Monsieur le Président de la Conférence générale, Honorables délégués,

Je vous salue et vous présente la contribution de mon pays à vos travaux. Au début, il m’est agréable de rappeler que j’avais déjà participé à Cordoue (Espagne) en 2007 sur les moyens de combattre l’islamophobie. Ce colloque avait été organisé aussi par l’OSCE. J’espère que les recommandations de la présente conférence aboutiront à des solutions pratiques susceptibles d’être appliquées par tous.
Préambule
Déjà en 1991, le Conseil de l’Europe a reconnu que « l’Islâm a souffert de l’image déformée que l’on en donne à travers, par exemple, des stéréotypes hostiles ou orientés et les Européens sont peu conscients tant de la valeur de sa contribution passée que du rôle positif qu’il peut jouer aujourd’hui dans notre société. Les erreurs historiques, l’approche sélective adoptée pour l’enseignement et la présentation simpliste qui est celle des médias sont responsables de cette situation ». Après le 11 septembre, le danger d’islamophobie s’est considérablement aggravé : des propos malveillants sont répandus sur l’Islâm et sa culture. On les retrouve, soit dans des livres, soit dans des articles de presse, soit dans des émissions télévisées. Le but de ces exposés n’est pas de faire connaître l’Islâm à partir de ses textes fondateurs, de ses symboles ou des études pertinentes, fondées sur des documents crédibles. Il consiste plutôt à déformer les faits au maximum et à avancer des accusations graves, sans les fonder sur une analyse objective et sans donner des référence exactes. L’objectif recherché semble être plutôt de porter atteinte à une religion respectable, professée par plus d’un milliard 500 millions de fidèles à travers le monde.
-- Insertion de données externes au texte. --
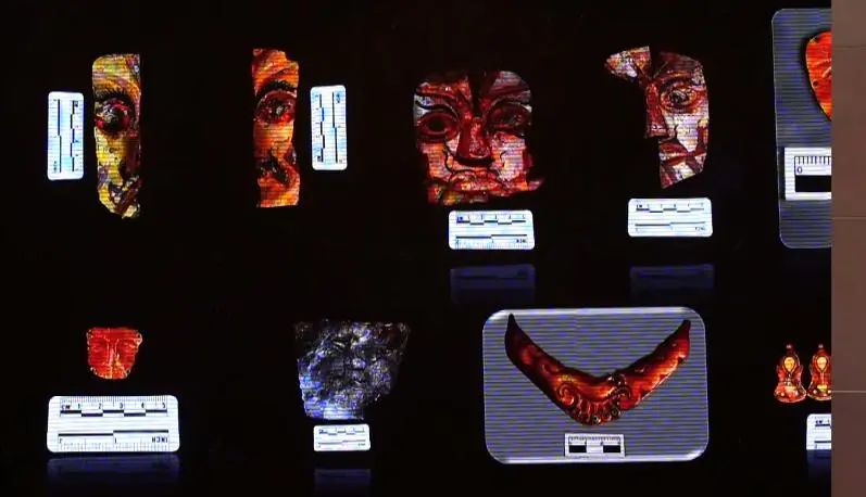 29号墓,有两件尺寸大小不一的金银面饰,金面饰有内扣设计,处于墓主的左臂之上。银质梯形面具,尺寸超过10厘米,出土时正好敷在墓主人的脸部。
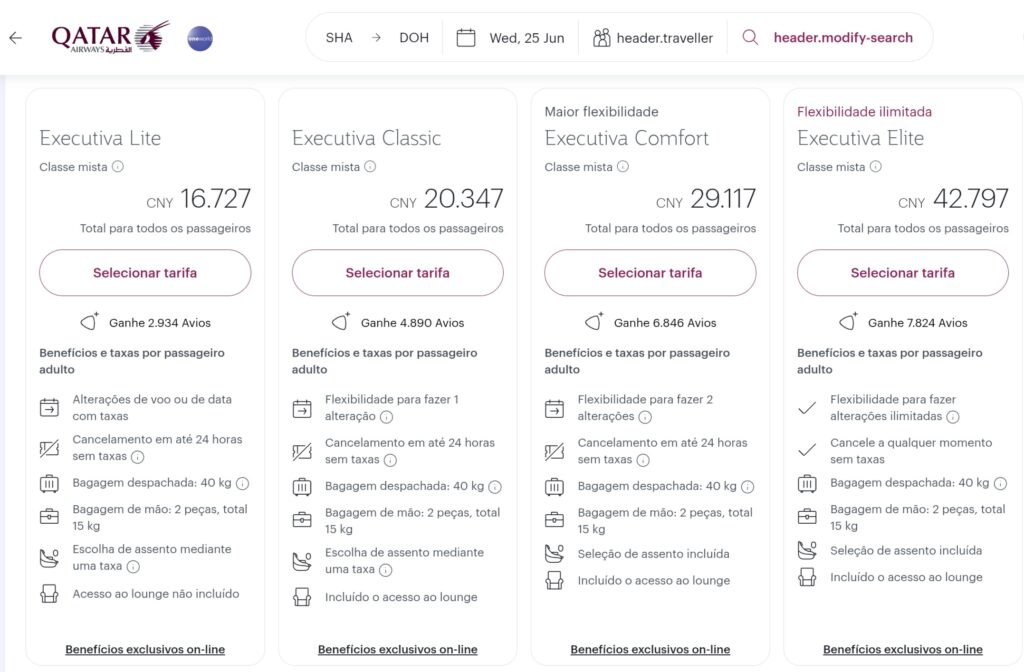 Na Qatar, a passagem em Executiva com menos vantagens está na categoria Lite. Veja que, na descrição do exemplo abaixo, a empresa informa que comprando essa tarifa:

L’islamologie, mise en œuvre par l’Occident, serait mieux accueillie par les fidèles de l’Islâm, si elle se débarrassait totalement de ses présupposés scientistes, en se rapprochant davantage de l’Islâm authentique. Le Haut Conseil Islamique veut justement aider à une meilleure connaissance de notre religion, en précisant les principaux concepts qui lui servent d’assises, en corrigeant les erreurs qui circulent si souvent sur son compte, dans les milieux qui lui sont étrangers, en écartant l’invective et la polémique stérile. Fermeté et courtoisie, telle est la méthode que nous avons choisie.
Les mesures à prendre
Des mesures efficaces peuvent être prises pour combattre l’islamophobie. Les rapports élaborés par les Nations Unies ont suffisamment analysé l’islamophobie. Il n’est pas nécessaire d’y revenir en détail. Il nous paraît plus pratique de proposer deux séries de mesures pour combattre cette volonté délibérée de déformer l’Islâm par ignorance et mauvaise foi, en recourant à la diffamation et à la violence, soit verbale, soit physique.


- Les mesures persuasives - système éducatif et culture
1- Pour dissiper les préjugés tenaces, dès l’enfance, la priorité est de présenter aux jeunes gens des textes à leur portée, donnant une image exacte de l’Islâm par les meilleurs spécialistes, ce qui revient à contrôler les manuels scolaires en usage dans les pays étrangers à l’Islâm. Les Universités comportent ici ou là des départements d’islamologie qu’il est nécessaire de généraliser pour former les professeurs qualifiés, partisans convaincus de l’importance du dialogue entre les cultures et les religions.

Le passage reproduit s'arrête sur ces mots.